CRAIG: The limitation of large language models as they exist is that their knowledge is contained in the language that they're trained on. And most human knowledge, I think everyone agrees, is non-linguistic.

CRAIG: 大型语言模型作为它们存在的局限性在于它们的知识仅限于它们所训练的语言。而大部分人类知识,则是非语言的。

Their objective is to satisfy the statistical consistency of the prompt. They don't have an underlying understanding of the reality that language relates to. I asked ChatGPT about myself. It recognized that I'm a journalist, that I've worked at these various newspapers, but it went on and on about awards that I've never won. And it all read beautifully, but little of it connected to the underlying reality. Is there something that is being done to address that in your research going forward?

他们的目标是满足提示的统计一致性。他们对语言所关联的现实没有根本的理解。我问ChatGPT有关我自己的事情。它认为我是一名记者,曾在这些不同的报纸工作过,但它一直在谈论我从未获得的奖项。所有的内容都读得很好,但其中很少有与基本现实相联系的部分。在你们未来的研究中,是否有些事情正在努力解决这个问题?
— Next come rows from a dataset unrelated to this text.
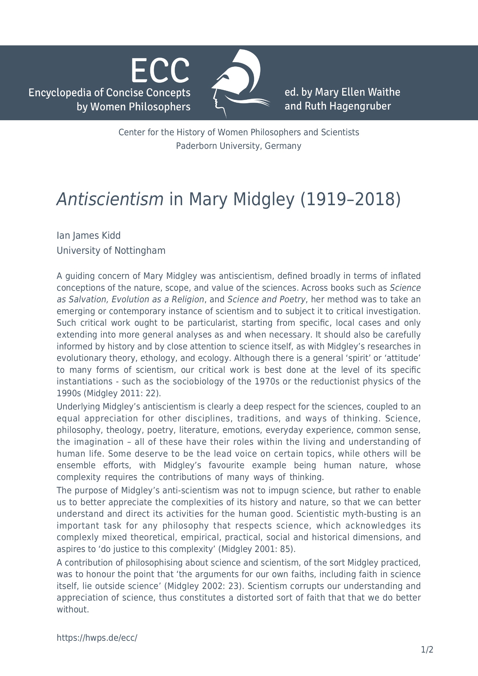 Antiscientism in Mary Midgley (1919-2018) / Ian James Kidd (University of Nottingham)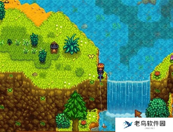 2、玩家可以来到下图所示的水边位置进行垂钓。钓鱼时有一个小技巧,在抛竿时可以使用方向键控制鱼钩的方向。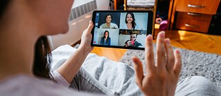 Eine junge Frau im Schneidersitz blickt auf ein viergeteiltes Bild auf einem Tablet.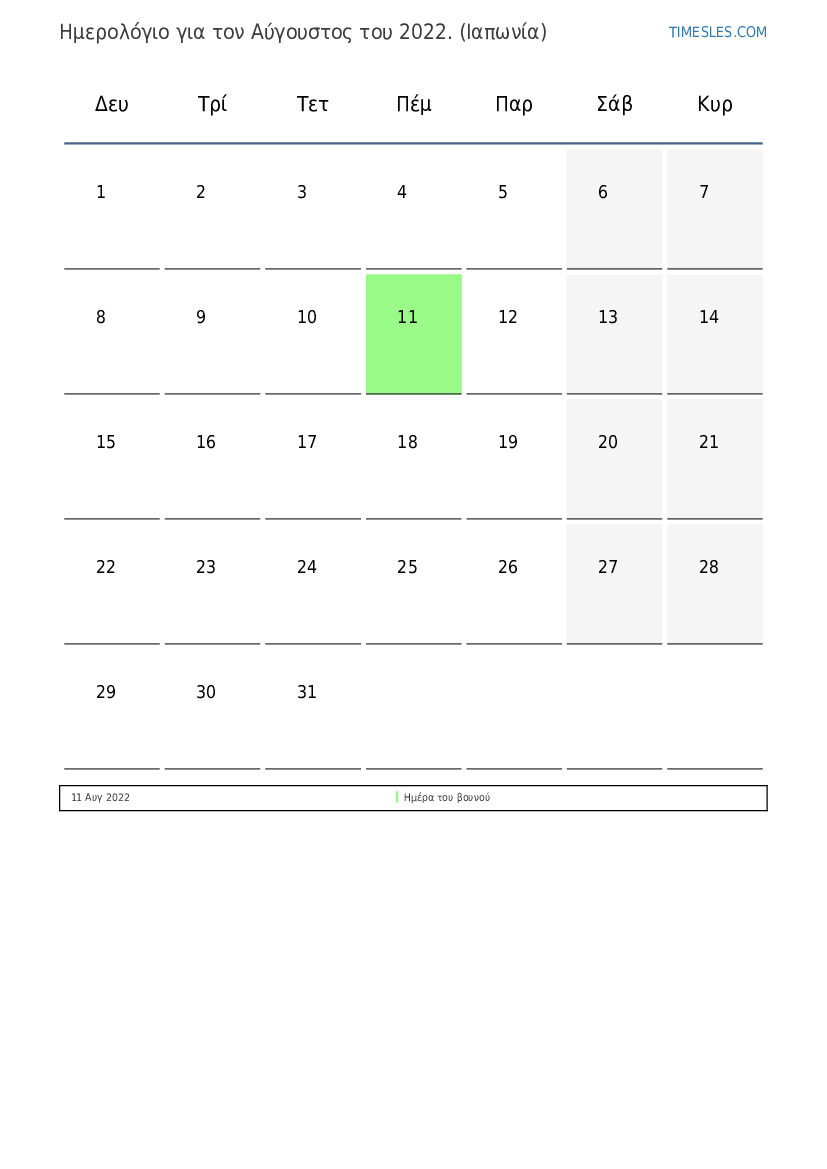Ημερολόγιο αργιών και Σαββατοκύριακων για το Αύγουστος του 2022 για την Ιαπωνία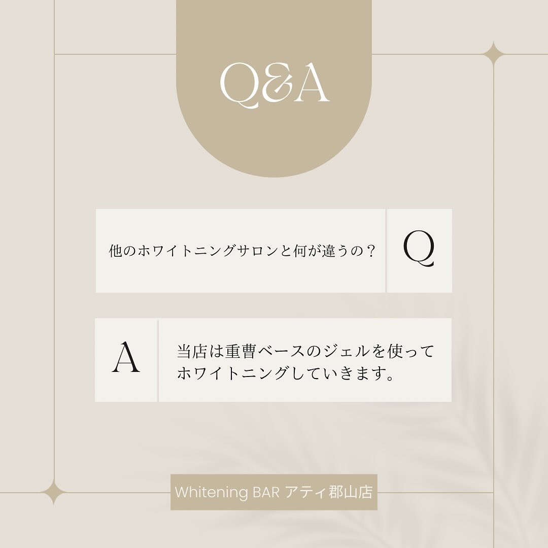 ︎ こんにちは!ホワイトニングバーアティ郡山店です 本日は、お客様からよくいただくご質問 「他のセルフホワイトニングと何が違うの?」についてお答えします️ 一番の違いは、ホワイトニングに使用する【ジェル】にあります 実はセルフホワイトニングで使用するLEDライトは、どこもほとんど同じ。 ホワイトニングの効果を左右する一番のポイントは、ジェルの性能なんです🙂️ 照射時間をただ長くしても効果が変わるわけではありません “LED照射 × ジェルの性能”の掛け合わせが、白さを生み出します!🦷 他店で効果を実感できなかった方も、ぜひ一度当店のホワイトニングを体験してみてください🦷 「今までと全然違う!」そんな声、たくさんいただいています️ 効果に自信があります🏻 #ホワイトニングバーアティ郡山店 #郡山セルフホワイトニング #郡山ホワイトニング #福島ホワイトニング #セルフホワイトニング専門店 #歯の美容サロン #他と違うホワイトニング #ジェルが違う #効果重視ホワイトニング #白さ実感 #ホワイトニング効果抜群 #LEDだけじゃない #ジェルの力 #照射時間じゃない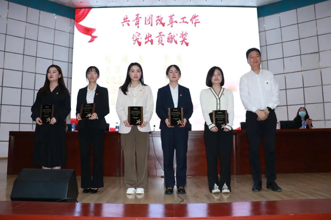 为迎接党的二十大胜利召开,庆祝中国共产主义青年团成立100周年,弘扬“五四”精神,增强团的凝聚力,5月13日中午,“喜迎二十大,永远跟党走,奋进新征程”学校五四表彰大会在报告厅顺利举行。校领导,相关部门负责人,二级学院党支部书记、副书记、团总支书记以及荣获2021年度共青团工作各项荣誉的先进集体和优秀个人代表出席本次大会。会议由校团委副书记陈怡主持。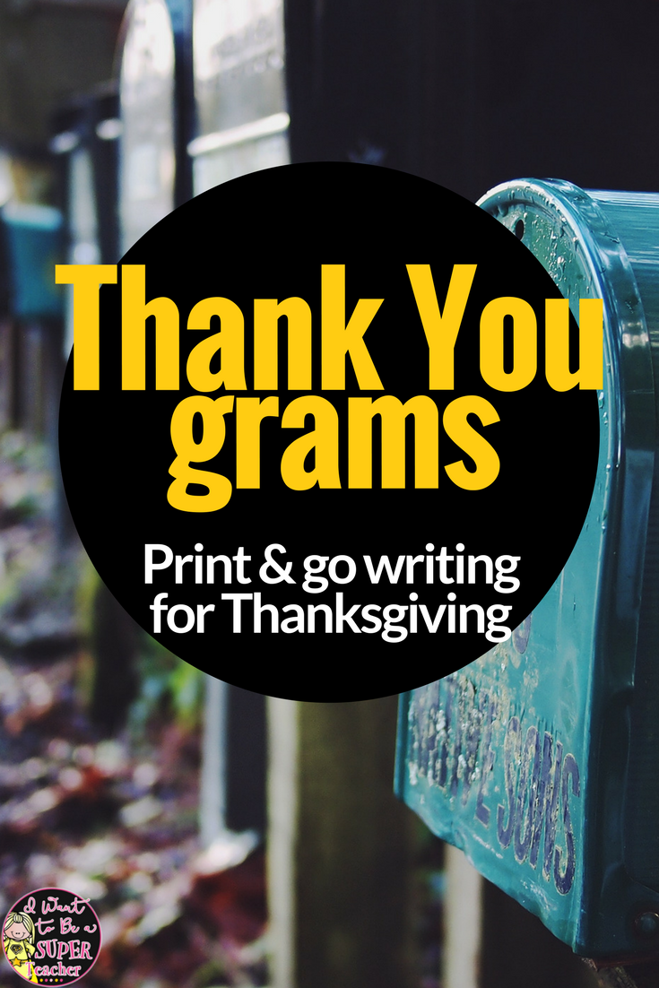 Thank You Grams are simple thank you notes (written on special paper of course) students can write to other students, teachers, or staff. These work wonderfully if you need a writing center or holiday fast finisher that requires very little prep (just make copies and talk with students about being specific in their thanks!).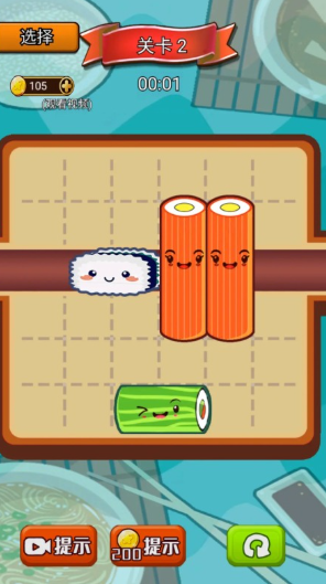 快节奏寿司制作模拟器。依据实时弹出的订单,准确选取海苔、米饭、鱼生等原料组合指定品类(如金枪鱼卷、三文鱼握)。倒计时机制强化操作紧迫感,出错将影响顾客满意度。完成订单积累金币,用于扩充食材库存与升级料理台功能。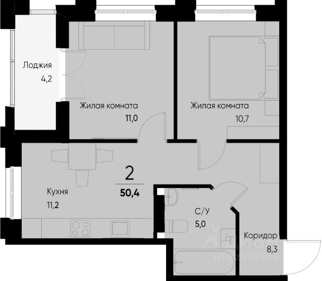 Нижний уровень: Кухня, санузел (туалет + ванная), прихожая и гостиная (третья комната).
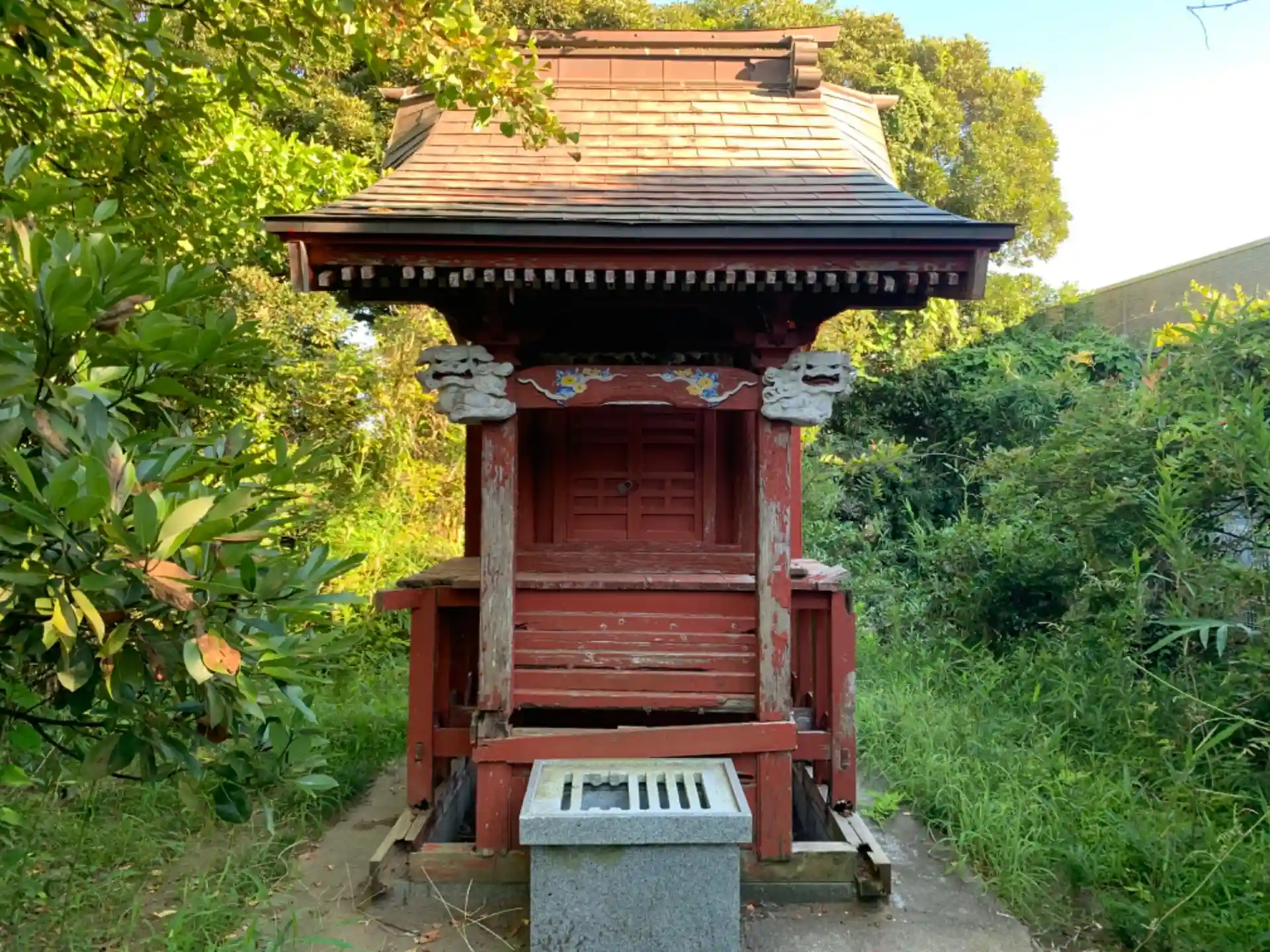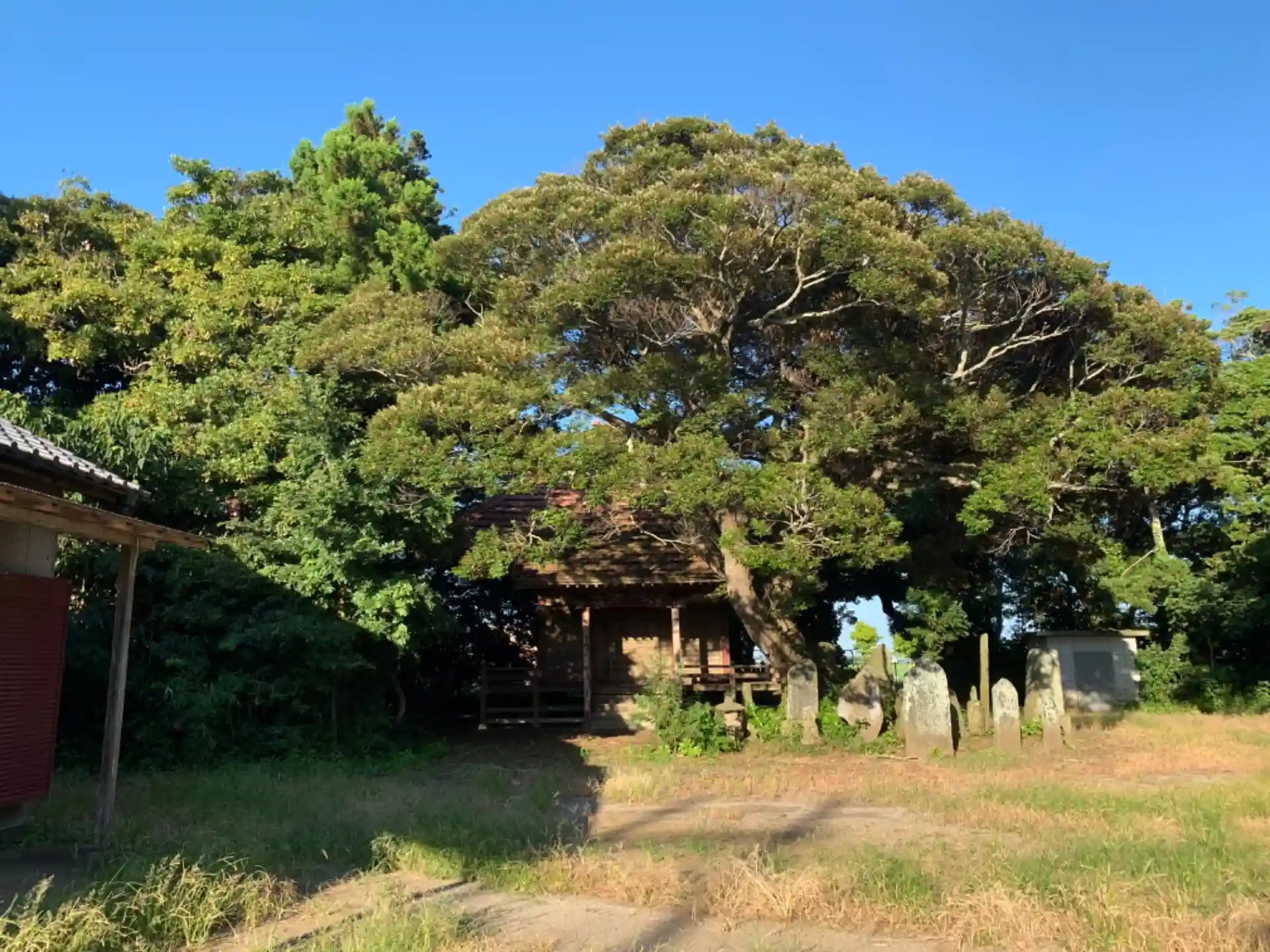 小学校と保育園の隙間にあるお堂。弁財天や集会所が付近にあります。お堂のそばの大木の周りには様々な巡礼記念碑が並んでいました。
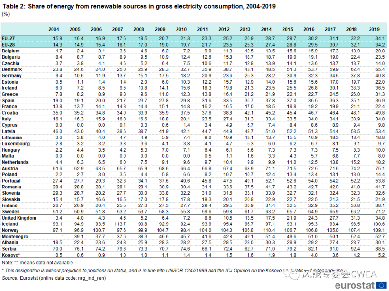 表1: 2004-2019終端能源中可再生能源占比 (%) 來源:Eurostat
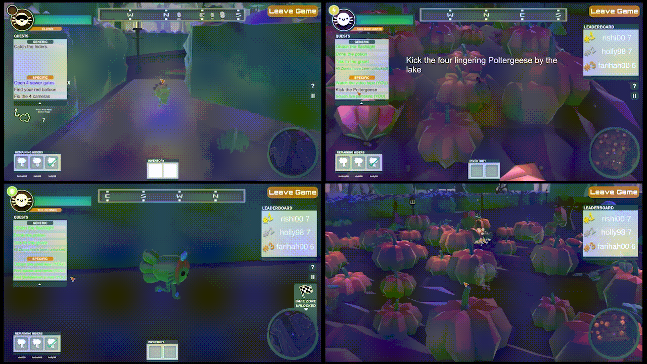 Tanked turns a peaceful aquarium into a chaotic hide-and-seek battleground. You play as a Pheesh; quirky, axolotl-inspired creatures; taking on one of two roles: hunt or hide. As a seeker, you patrol the map and complete quests to unlock faster ways to catch hiders. As a hider, you evade your former friend, finish quests, and race to the safe zone before you’re caught. Every round mixes tension, humor, and fast-paced revenge.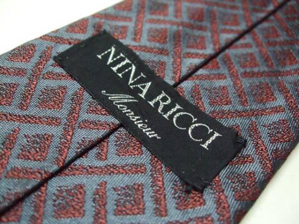 (^_^)良品/ニナリッチ/ネクタイ/NINA RICCI/赤茶色/シルバー/⑧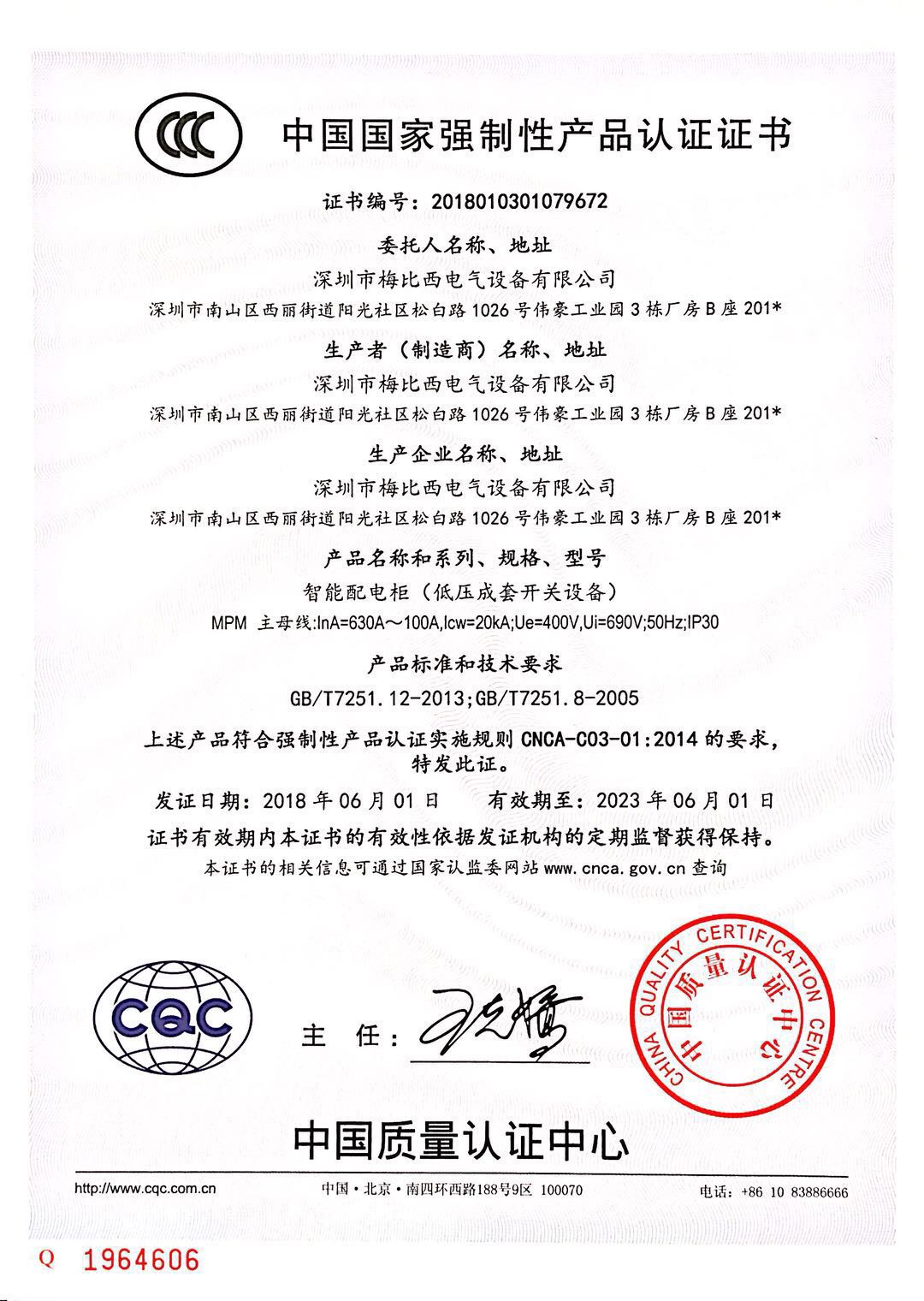 产品获得CQC/CE/EMC认证及IS09001/14001/45001/售后服务体系认证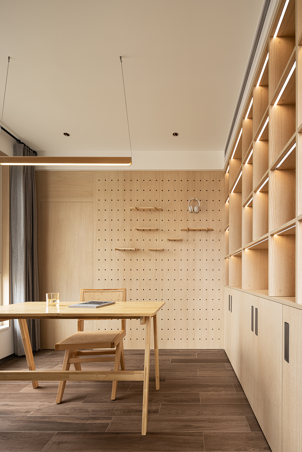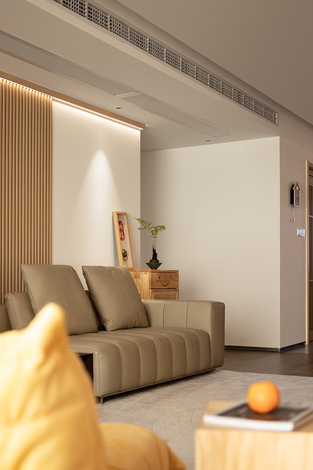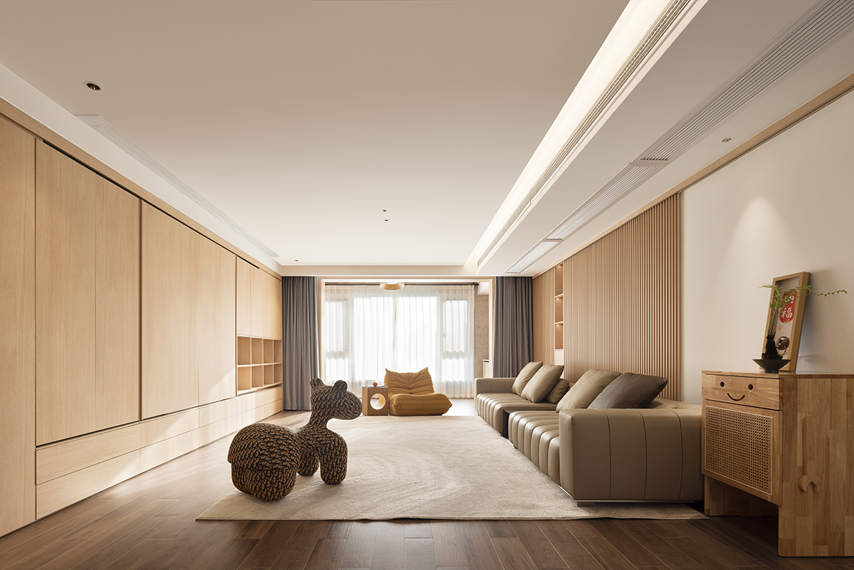 空间意境:区别于传统的电视背景墙设计,借助柜门“开合”的形式呈现整个展示面。从另外一个角度来说,也是在“去客厅化”。当家庭成员相聚于此处,大家更多是在交流、分享,或是沉浸式阅读。错落的光线镌刻时光的痕迹,记录当下的写意生活。
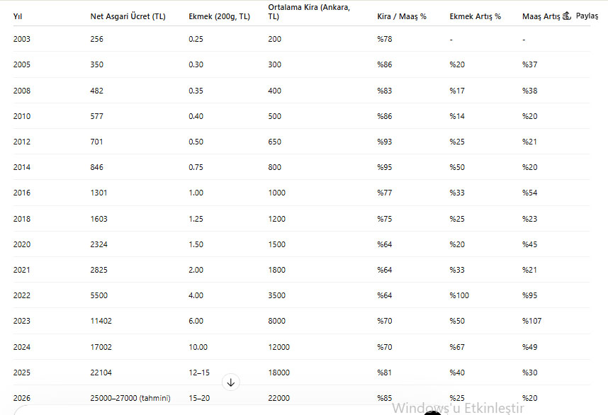 2003–2026 Türkiye (Ankara Bazlı) Ekonomik Karşılaştırma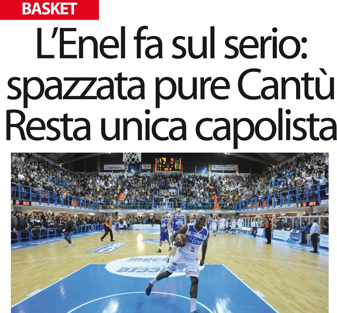Estasi biancazzurra. La New Basket Brindisi vince ancora e manda in delirio i 3500 del PalaPentassuglia e una città intera. Finisce 75 a 74 per gli uomini di Bucchi, che hanno la meglio sull’Acqua Vitasnella Cantù, al termine di una bellissima e spettacolare. “Oltre ogni limite” recitava lo striscione in curva e cosi è stato, l’Enel Basket è ancora la squadra da battere ed è ancora prima in classifica.

ILYA: How confident are we that these limitations that we see today will still be with us two years from now? I am not that confident. There is another comment I want to make about one part of the question, which is that these models just learn statistical regularities and therefore they don't really know what the nature of the world is.

ILYA:我们有多大把握认为今天所见到的这些限制在两年后仍会存在?我不是那么有把握。还有一件事我想说,就是这个问题的一个方面是,这些模型只是学习统计规律,因此它们不真正知道世界的本质是什么。

I have a view that differs from this. In other words, I think that learning the statistical regularities is a far bigger deal than meets the eye.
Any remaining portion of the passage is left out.